- [WORK TASK]: Down to the final line, write out the material beneath exactly, without pictures.

- [SUPPLIED RECORDS]:
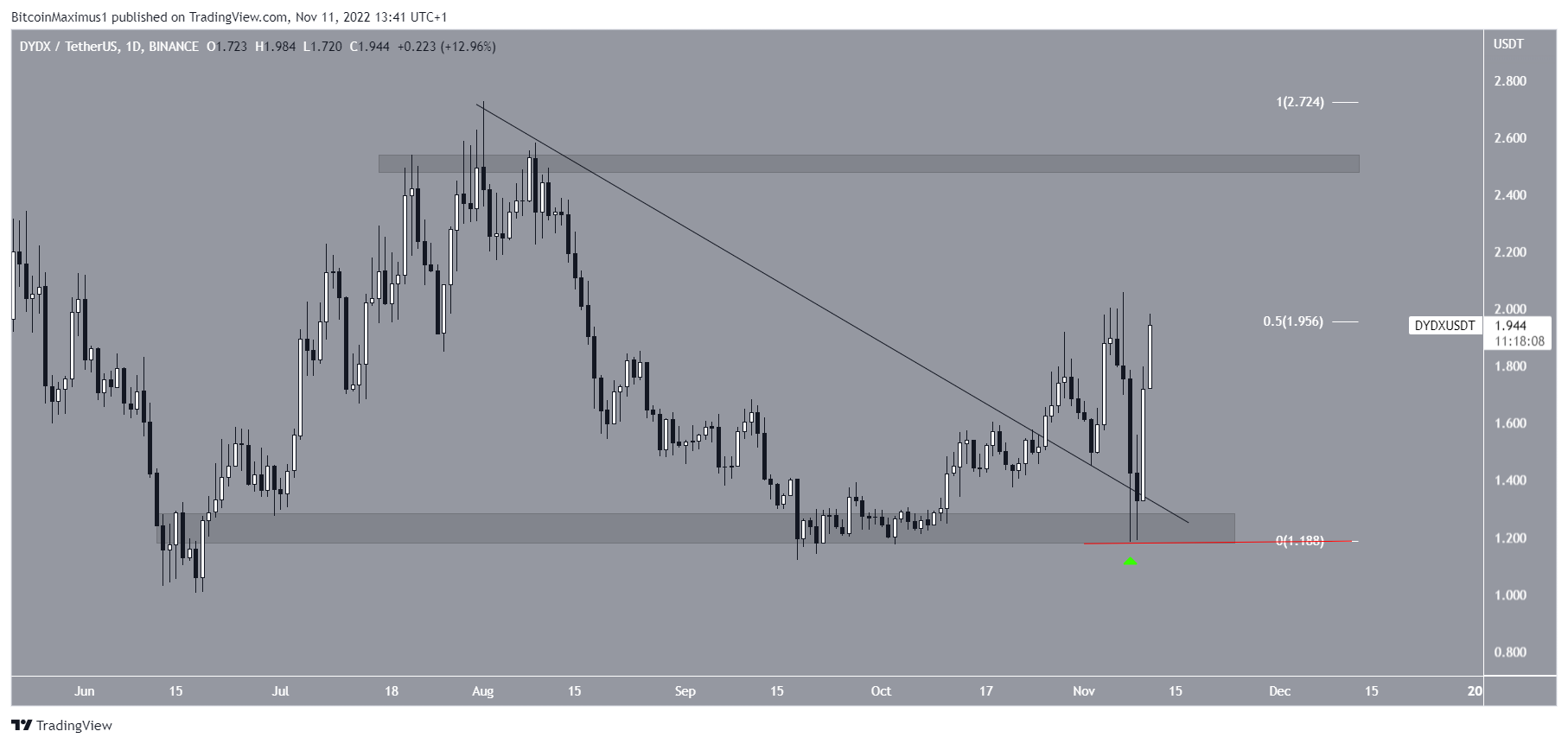 On Oct. 27, DYDX broke out from a descending resistance line that had been in place since Aug. 1. However, it could not sustain the upward movement and returned to the support area once more on Nov. 8.
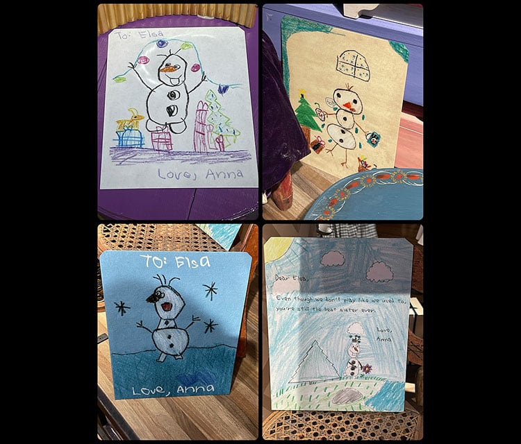 中でもアナがエルサに書いたであろう手紙や絵は涙無くしては見られない・・・(涙)
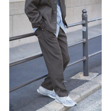 ドライタッチでさらっとした穿き心地が魅力の、高機能イージートラウザー。接触冷感や速乾性、シワになりにくいイージーケア仕様で、気温差のある春から快適に着用できます。ウエストはバックゴム仕様でリラックス感がありながら、フロントはベルトループ付きのきれいめな印象。ワンタック入りのテーパードシルエットとセンタープレスが脚をすっきり見せ、春のオンオフスタイルに自然と馴染む一本です。
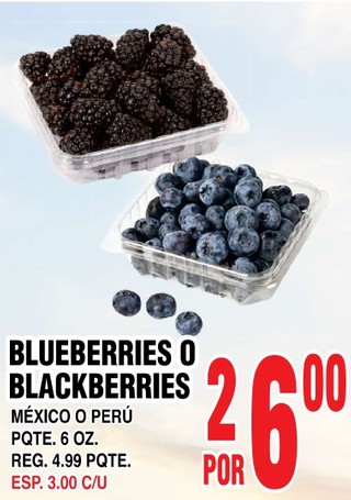 BLUEBERRIES O BLACKBERRIES MÉXICO O PERÚ PQTE. 6 OZ
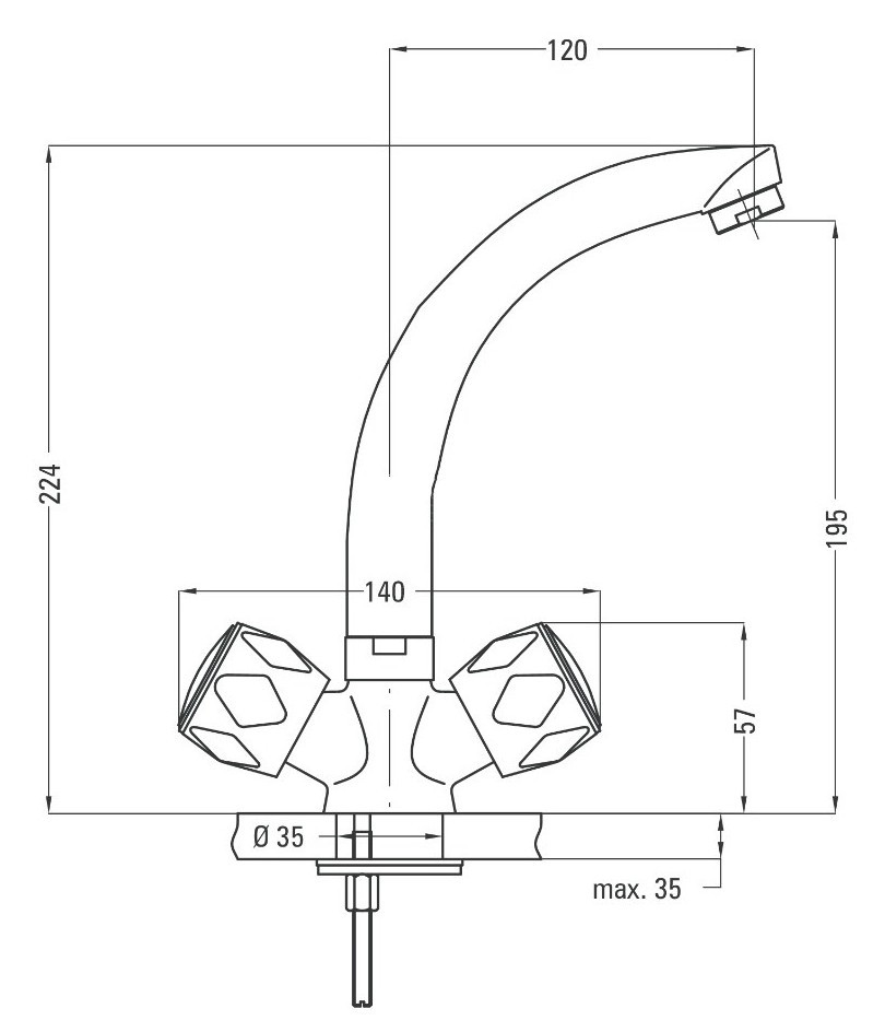 Высота смесителя - 224 мм,
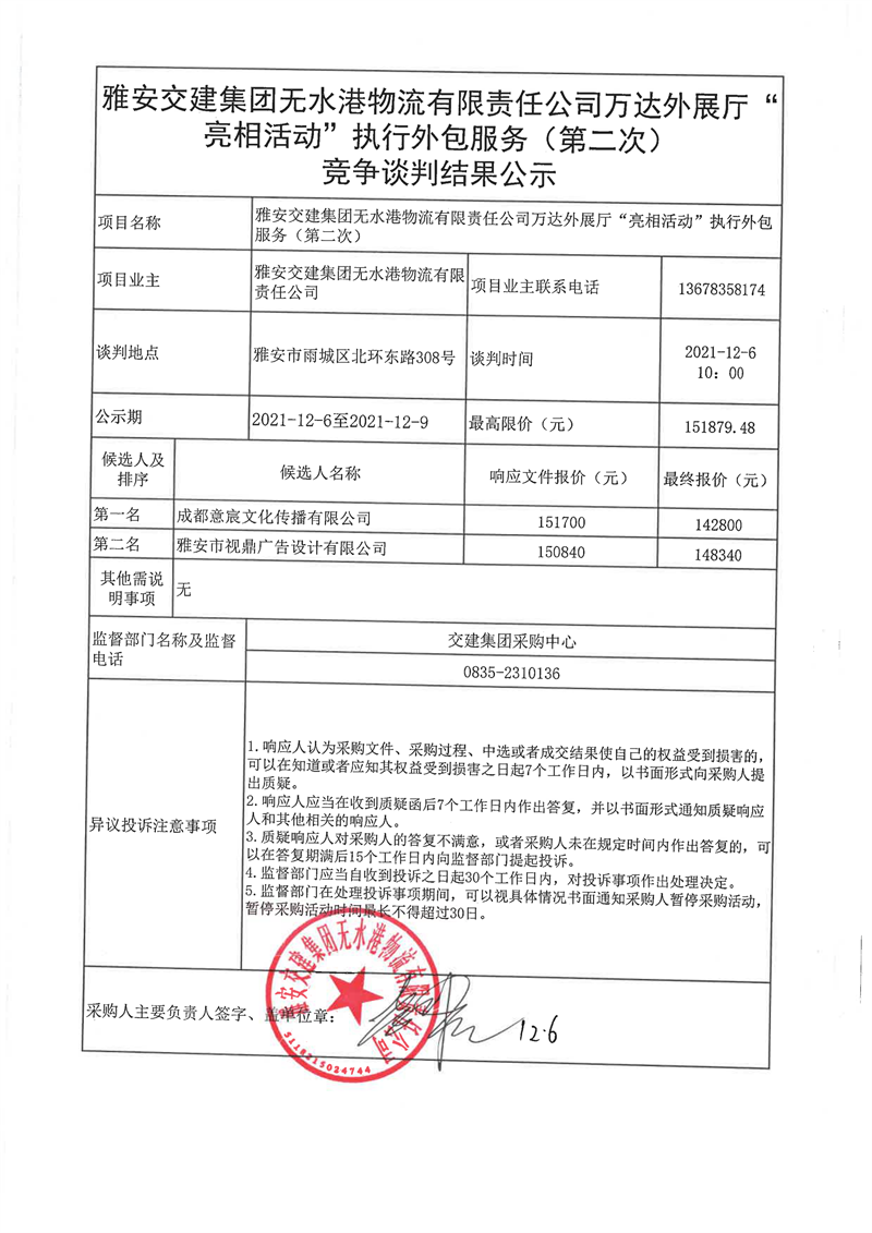 雅安交建集團(tuán)無(wú)水港物流有限責(zé)任公司萬(wàn)達(dá)外展廳“亮相活動(dòng)”執(zhí)行外包服務(wù)(第二次)競(jìng)爭(zhēng)談判結(jié)果公示
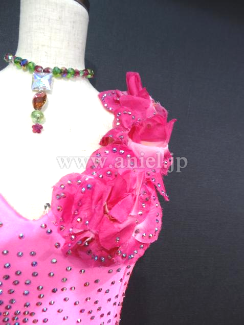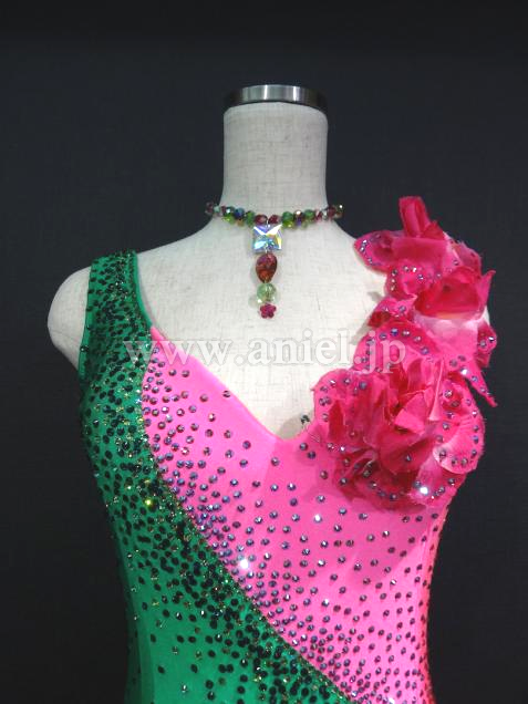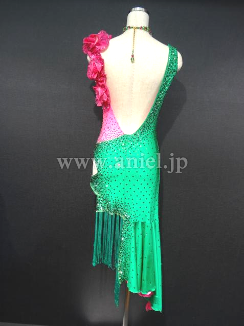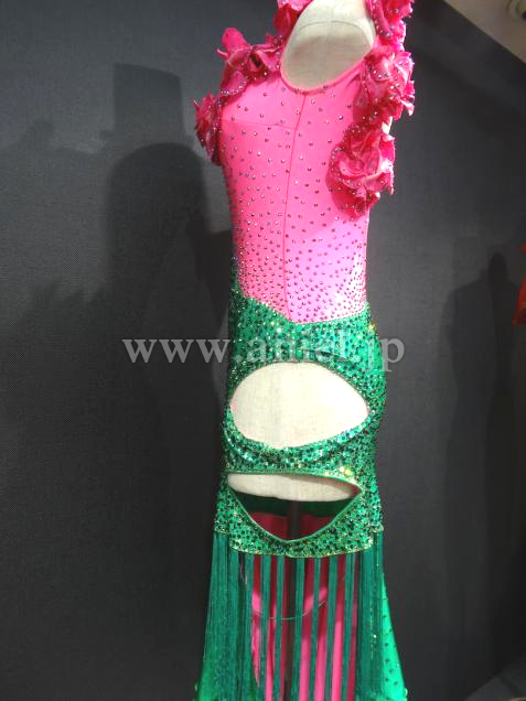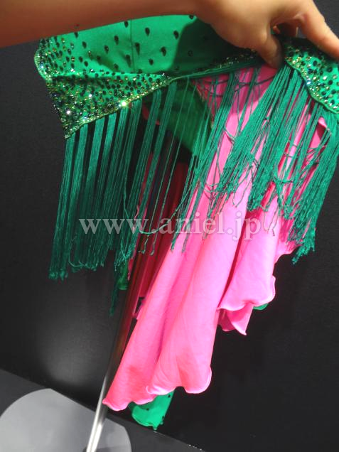 Altamoda Micheliniの中古ドレスです。今回はモデルチェンジを行なうため、在庫のクリアランスセールです。通常40万近くするドレスが一様に値下げされ、ほぼ定価の半額くらいで購入できます。このドレスは新品のドレスです。発色のいいグリーンと対象のショッキングピンクのコンビネーション。目が醒めるような美しい色合いです。左胸からショルダーにかけて付けられたお花も可憐です。左サイドのヒップは露出するデザインとなっており、セクシーです。片方はフリンジ、もう片方は布のスカート。内側はピンクになっております。新品でこの価格は非常にお買い得です。

- [RESPONSE TO THE EXERCISE]:
 On Oct. 27, DYDX broke out from a descending resistance line that had been in place since Aug. 1. However, it could not sustain the upward movement and returned to the support area once more on Nov. 8.
 中でもアナがエルサに書いたであろう手紙や絵は涙無くしては見られない・・・(涙)
 ドライタッチでさらっとした穿き心地が魅力の、高機能イージートラウザー。接触冷感や速乾性、シワになりにくいイージーケア仕様で、気温差のある春から快適に着用できます。ウエストはバックゴム仕様でリラックス感がありながら、フロントはベルトループ付きのきれいめな印象。ワンタック入りのテーパードシルエットとセンタープレスが脚をすっきり見せ、春のオンオフスタイルに自然と馴染む一本です。
 BLUEBERRIES O BLACKBERRIES MÉXICO O PERÚ PQTE. 6 OZ
 Высота смесителя - 224 мм,
 雅安交建集團(tuán)無(wú)水港物流有限責(zé)任公司萬(wàn)達(dá)外展廳“亮相活動(dòng)”執(zhí)行外包服務(wù)(第二次)競(jìng)爭(zhēng)談判結(jié)果公示
 Altamoda Micheliniの中古ドレスです。今回はモデルチェンジを行なうため、在庫のクリアランスセールです。通常40万近くするドレスが一様に値下げされ、ほぼ定価の半額くらいで購入できます。このドレスは新品のドレスです。発色のいいグリーンと対象のショッキングピンクのコンビネーション。目が醒めるような美しい色合いです。左胸からショルダーにかけて付けられたお花も可憐です。左サイドのヒップは露出するデザインとなっており、セクシーです。片方はフリンジ、もう片方は布のスカート。内側はピンクになっております。新品でこの価格は非常にお買い得です。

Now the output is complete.